(Items from a data source)
BEGIN
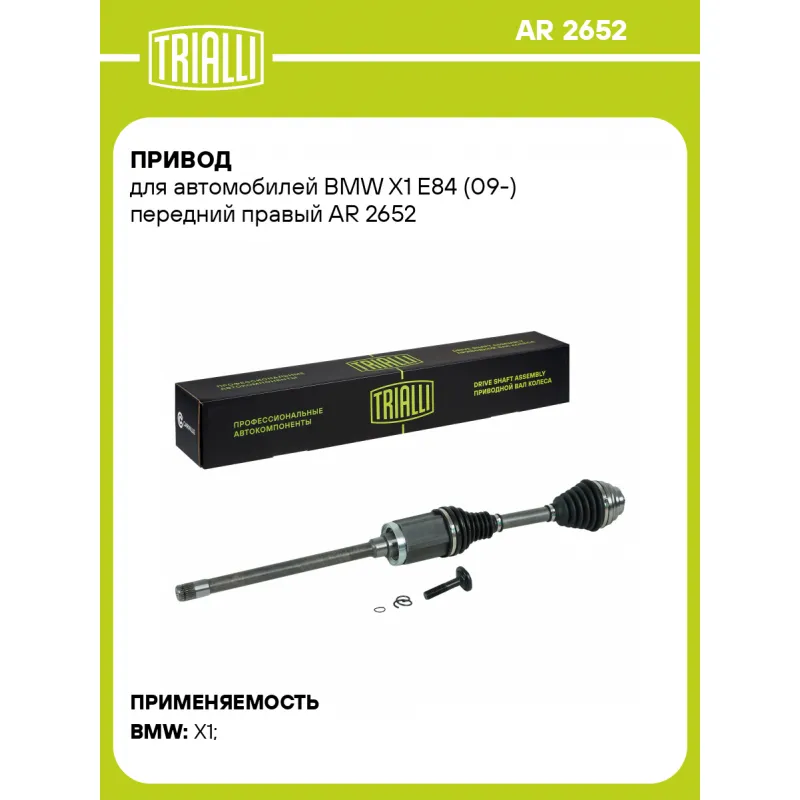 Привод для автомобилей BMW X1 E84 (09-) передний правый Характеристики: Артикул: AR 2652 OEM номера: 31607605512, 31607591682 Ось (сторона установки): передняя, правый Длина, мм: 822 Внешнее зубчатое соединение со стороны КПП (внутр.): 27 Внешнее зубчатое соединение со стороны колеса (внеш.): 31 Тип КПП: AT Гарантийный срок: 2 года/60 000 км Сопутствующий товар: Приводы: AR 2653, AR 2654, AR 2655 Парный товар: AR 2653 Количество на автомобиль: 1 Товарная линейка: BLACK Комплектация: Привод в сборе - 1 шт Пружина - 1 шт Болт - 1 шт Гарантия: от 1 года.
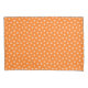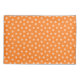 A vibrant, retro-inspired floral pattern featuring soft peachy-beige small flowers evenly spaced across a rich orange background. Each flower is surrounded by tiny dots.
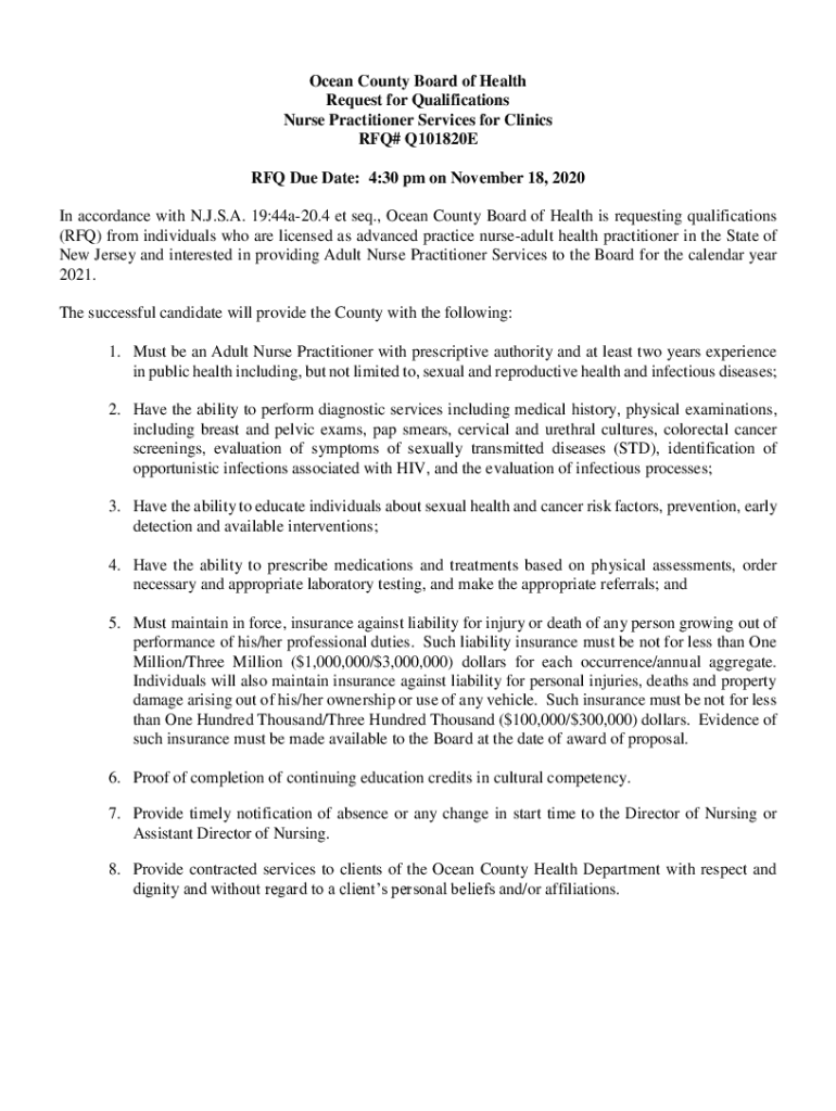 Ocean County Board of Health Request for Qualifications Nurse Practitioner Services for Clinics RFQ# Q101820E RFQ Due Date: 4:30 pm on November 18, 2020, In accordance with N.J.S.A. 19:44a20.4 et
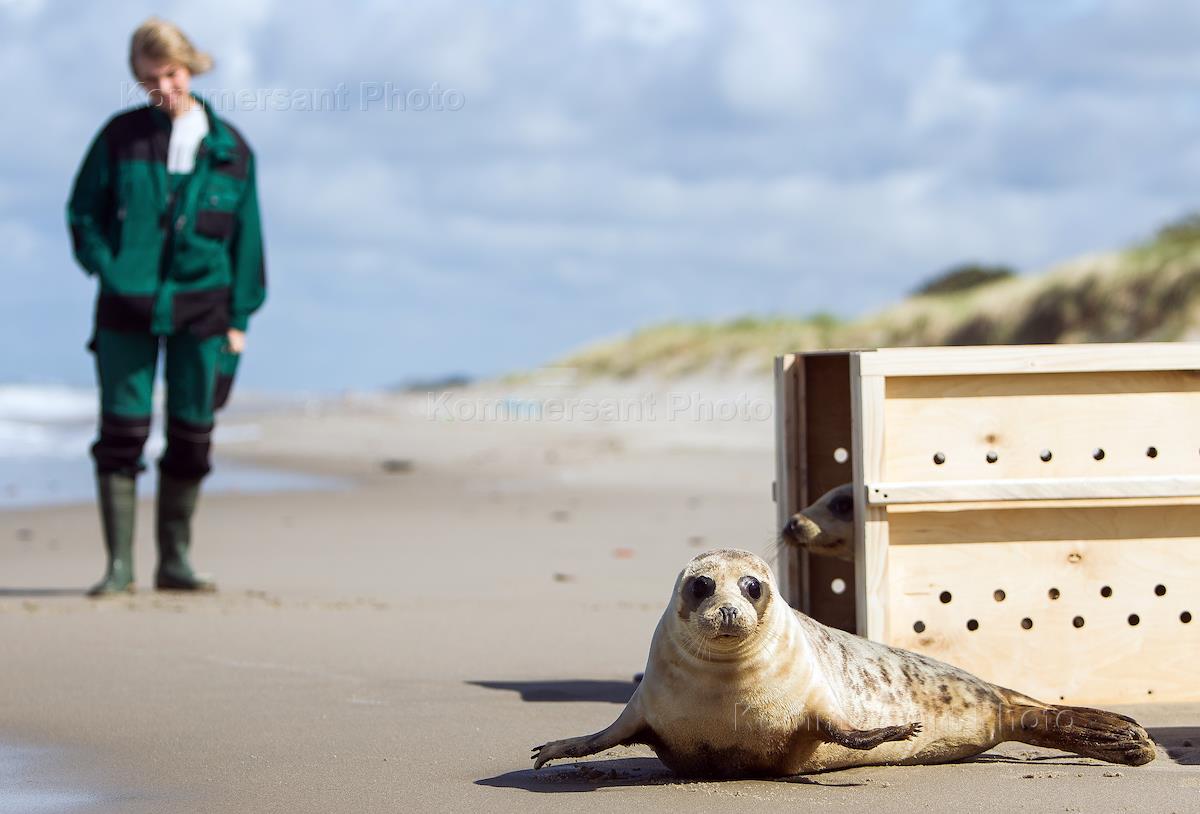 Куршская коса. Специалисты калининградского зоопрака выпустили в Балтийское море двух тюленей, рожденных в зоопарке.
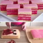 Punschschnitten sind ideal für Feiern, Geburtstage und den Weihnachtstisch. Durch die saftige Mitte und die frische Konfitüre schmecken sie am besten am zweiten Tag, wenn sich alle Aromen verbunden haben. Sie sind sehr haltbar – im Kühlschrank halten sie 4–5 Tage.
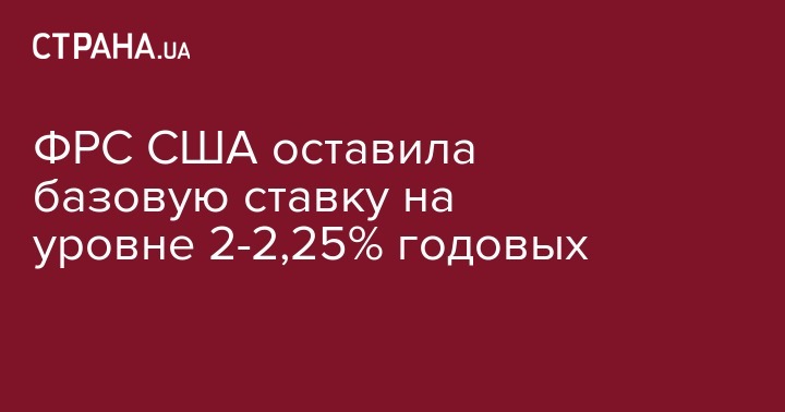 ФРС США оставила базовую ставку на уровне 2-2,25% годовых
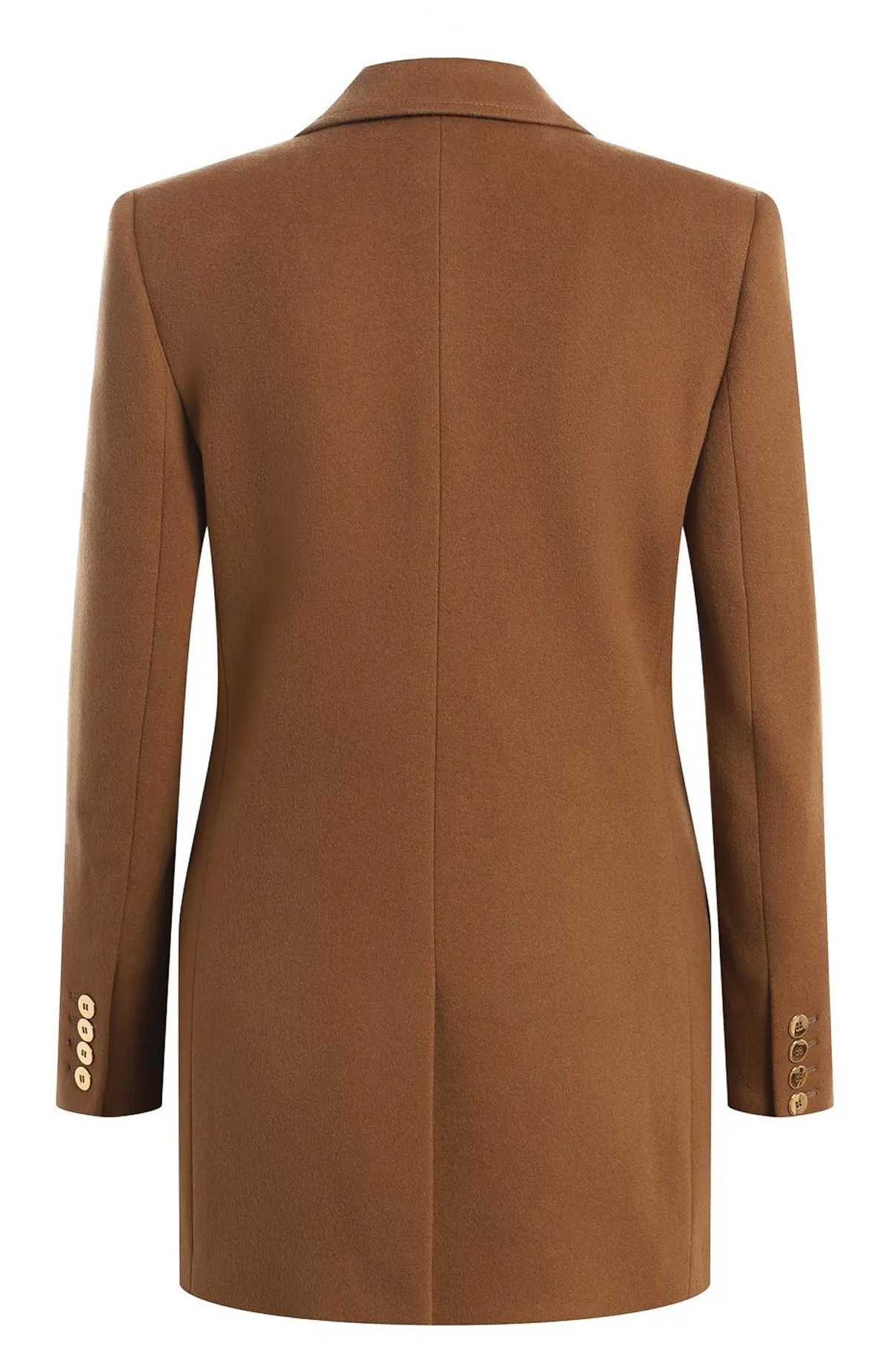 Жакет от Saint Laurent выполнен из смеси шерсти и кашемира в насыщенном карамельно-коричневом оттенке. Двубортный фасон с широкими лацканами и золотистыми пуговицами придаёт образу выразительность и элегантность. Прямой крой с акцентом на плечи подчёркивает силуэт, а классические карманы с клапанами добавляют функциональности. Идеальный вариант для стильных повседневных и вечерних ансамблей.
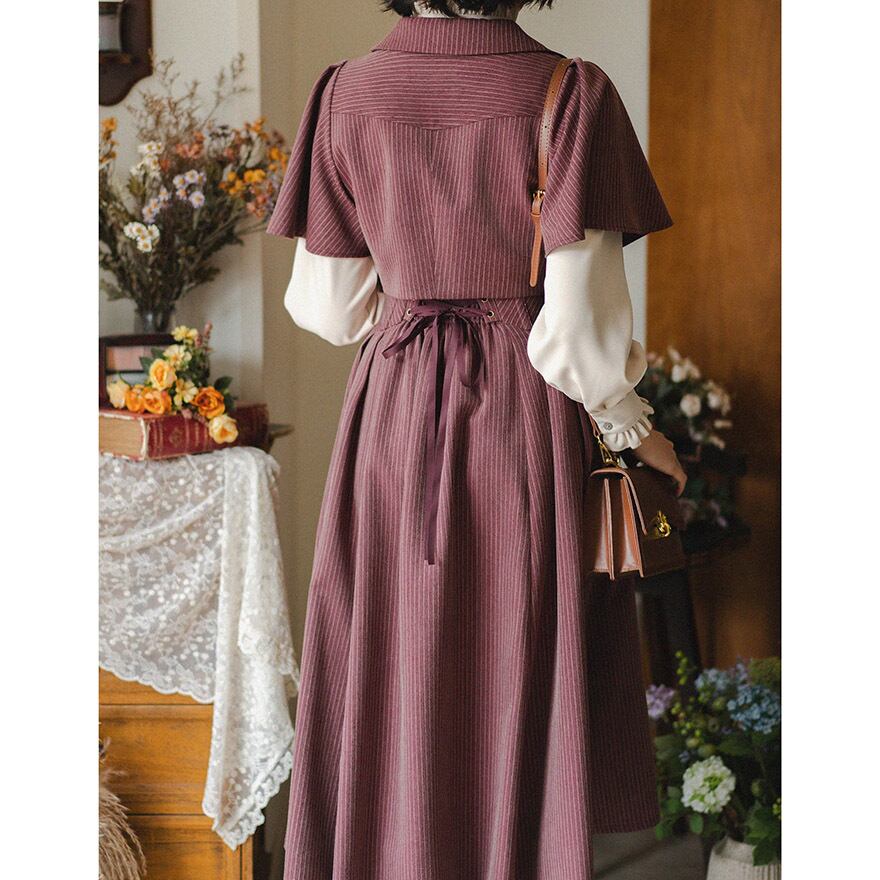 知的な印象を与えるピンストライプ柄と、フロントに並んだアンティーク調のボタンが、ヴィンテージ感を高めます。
END
Task prompt
Out of the records above, set down only the lines from the one that contains "Ocean County Board" through the one that contains "ФРС США оставила", unchanged and without the pictures.

Result for this exercise
 Ocean County Board of Health Request for Qualifications Nurse Practitioner Services for Clinics RFQ# Q101820E RFQ Due Date: 4:30 pm on November 18, 2020, In accordance with N.J.S.A. 19:44a20.4 et
 Куршская коса. Специалисты калининградского зоопрака выпустили в Балтийское море двух тюленей, рожденных в зоопарке.
 Punschschnitten sind ideal für Feiern, Geburtstage und den Weihnachtstisch. Durch die saftige Mitte und die frische Konfitüre schmecken sie am besten am zweiten Tag, wenn sich alle Aromen verbunden haben. Sie sind sehr haltbar – im Kühlschrank halten sie 4–5 Tage.
 ФРС США оставила базовую ставку на уровне 2-2,25% годовых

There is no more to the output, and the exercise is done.